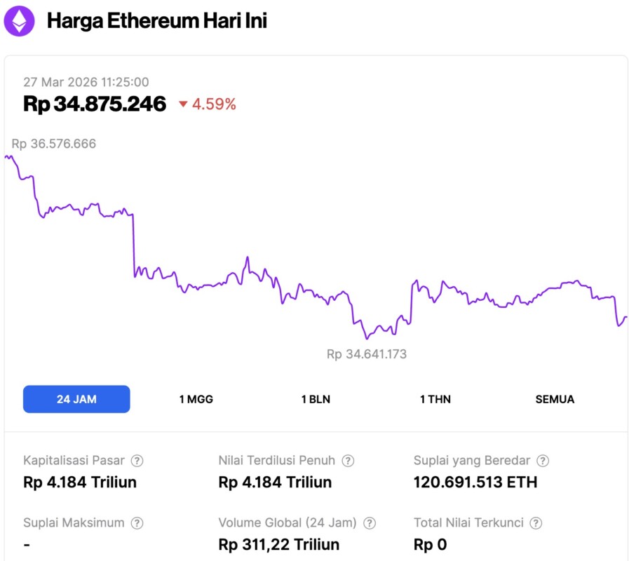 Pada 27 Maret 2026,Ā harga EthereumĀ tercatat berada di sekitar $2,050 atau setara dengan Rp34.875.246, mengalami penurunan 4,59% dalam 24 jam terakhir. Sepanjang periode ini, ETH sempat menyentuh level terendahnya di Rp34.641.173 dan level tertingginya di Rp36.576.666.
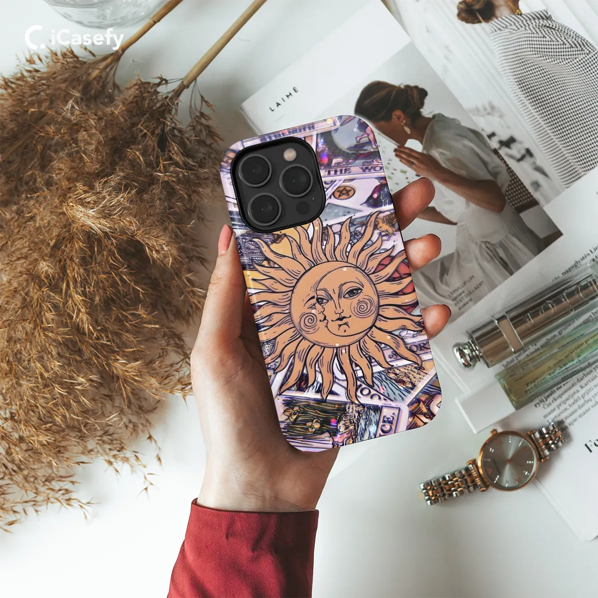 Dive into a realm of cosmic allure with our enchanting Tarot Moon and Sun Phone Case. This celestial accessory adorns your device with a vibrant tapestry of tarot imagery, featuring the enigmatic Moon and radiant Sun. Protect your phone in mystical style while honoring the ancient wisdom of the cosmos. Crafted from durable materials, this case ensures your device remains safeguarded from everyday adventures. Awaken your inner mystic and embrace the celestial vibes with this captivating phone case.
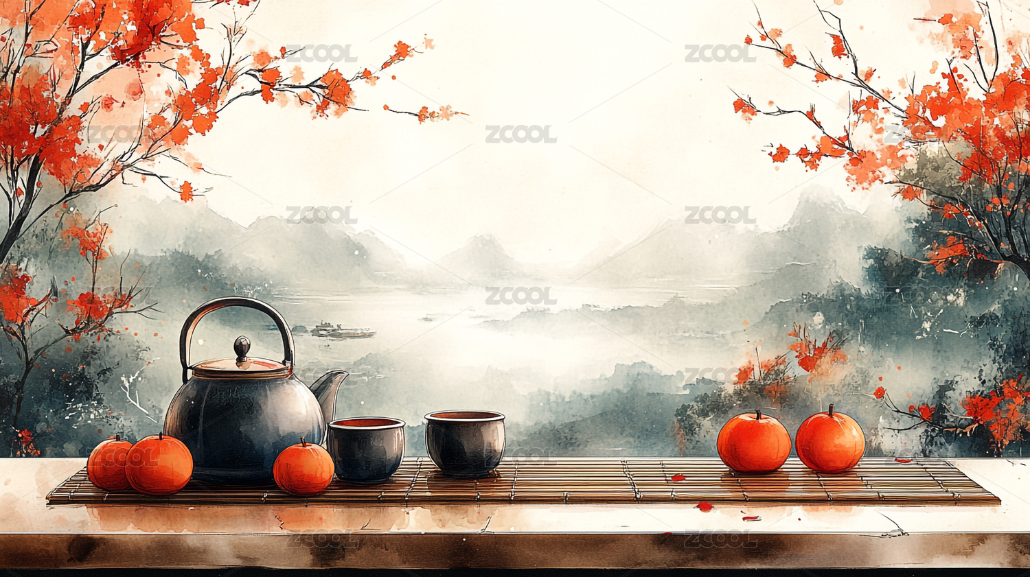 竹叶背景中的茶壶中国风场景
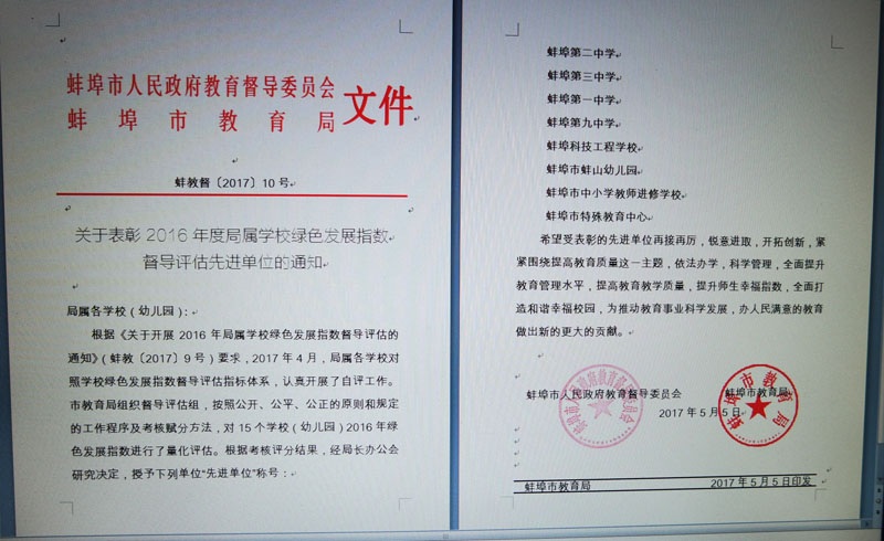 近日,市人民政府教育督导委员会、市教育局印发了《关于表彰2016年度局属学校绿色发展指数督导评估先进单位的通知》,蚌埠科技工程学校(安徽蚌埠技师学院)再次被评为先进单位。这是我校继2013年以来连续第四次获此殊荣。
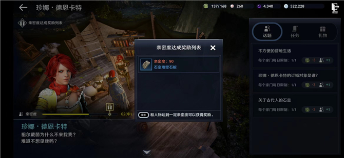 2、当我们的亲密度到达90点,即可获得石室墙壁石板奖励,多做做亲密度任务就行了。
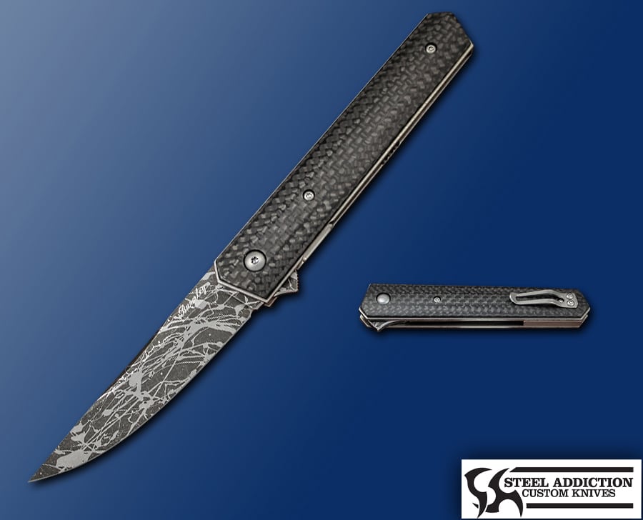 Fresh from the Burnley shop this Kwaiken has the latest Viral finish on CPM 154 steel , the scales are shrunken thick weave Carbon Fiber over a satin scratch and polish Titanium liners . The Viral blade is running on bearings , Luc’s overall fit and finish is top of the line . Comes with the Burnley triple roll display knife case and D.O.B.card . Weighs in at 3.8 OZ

YOUR TASK:
Can you restate all the records above word for word while dropping the pictures?

ANSWER TO THE PROBLEM:
 Pada 27 Maret 2026,Ā harga EthereumĀ tercatat berada di sekitar $2,050 atau setara dengan Rp34.875.246, mengalami penurunan 4,59% dalam 24 jam terakhir. Sepanjang periode ini, ETH sempat menyentuh level terendahnya di Rp34.641.173 dan level tertingginya di Rp36.576.666.
 Dive into a realm of cosmic allure with our enchanting Tarot Moon and Sun Phone Case. This celestial accessory adorns your device with a vibrant tapestry of tarot imagery, featuring the enigmatic Moon and radiant Sun. Protect your phone in mystical style while honoring the ancient wisdom of the cosmos. Crafted from durable materials, this case ensures your device remains safeguarded from everyday adventures. Awaken your inner mystic and embrace the celestial vibes with this captivating phone case.
 竹叶背景中的茶壶中国风场景
 近日,市人民政府教育督导委员会、市教育局印发了《关于表彰2016年度局属学校绿色发展指数督导评估先进单位的通知》,蚌埠科技工程学校(安徽蚌埠技师学院)再次被评为先进单位。这是我校继2013年以来连续第四次获此殊荣。
 2、当我们的亲密度到达90点,即可获得石室墙壁石板奖励,多做做亲密度任务就行了。
 Fresh from the Burnley shop this Kwaiken has the latest Viral finish on CPM 154 steel , the scales are shrunken thick weave Carbon Fiber over a satin scratch and polish Titanium liners . The Viral blade is running on bearings , Luc’s overall fit and finish is top of the line . Comes with the Burnley triple roll display knife case and D.O.B.card . Weighs in at 3.8 OZ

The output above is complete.